• [Brief]
Copy the final lines exactly, starting at the one that contains "Prawdziwa bomba kaloryczna, ale" and ending with the last line of the listing below. Pictures are not part of the copy.

• [Given data]

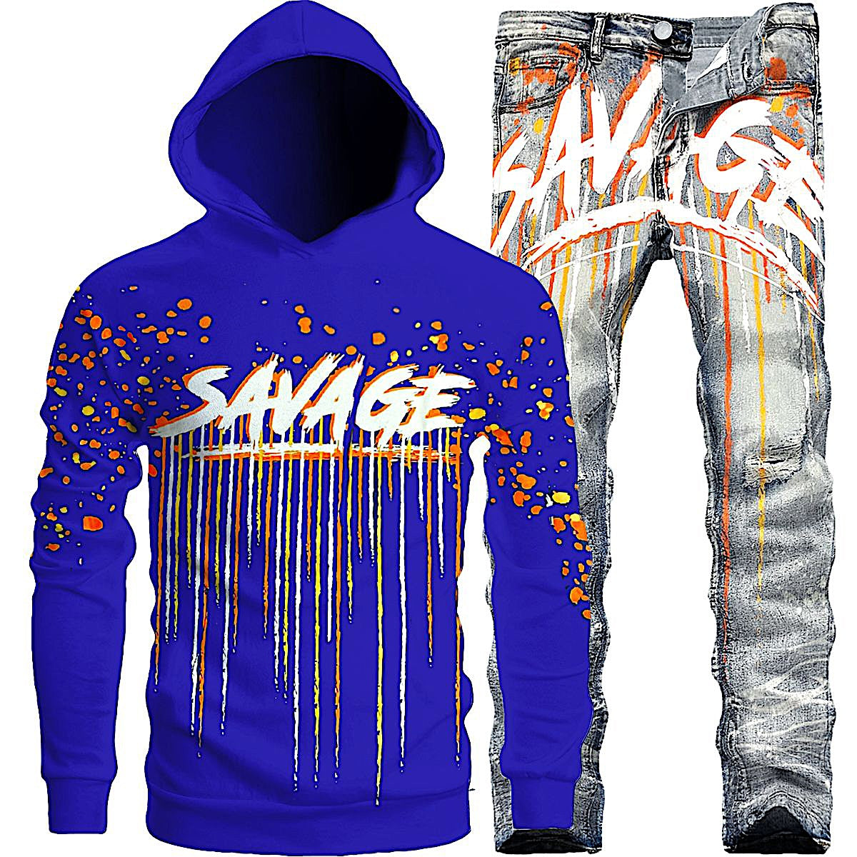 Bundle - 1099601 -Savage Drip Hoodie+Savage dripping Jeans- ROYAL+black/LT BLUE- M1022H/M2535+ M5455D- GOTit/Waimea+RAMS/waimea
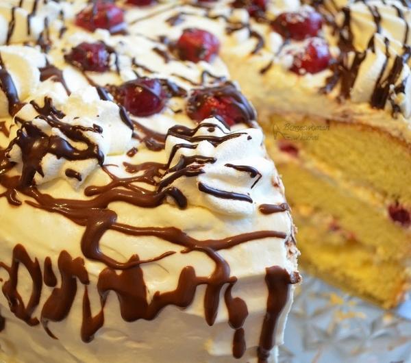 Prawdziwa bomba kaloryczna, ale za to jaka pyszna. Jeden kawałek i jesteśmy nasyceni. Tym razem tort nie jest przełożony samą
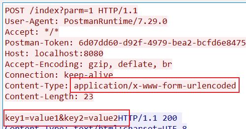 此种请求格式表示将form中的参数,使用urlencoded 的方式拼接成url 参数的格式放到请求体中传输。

• [Response box]
 Prawdziwa bomba kaloryczna, ale za to jaka pyszna. Jeden kawałek i jesteśmy nasyceni. Tym razem tort nie jest przełożony samą
 此种请求格式表示将form中的参数,使用urlencoded 的方式拼接成url 参数的格式放到请求体中传输。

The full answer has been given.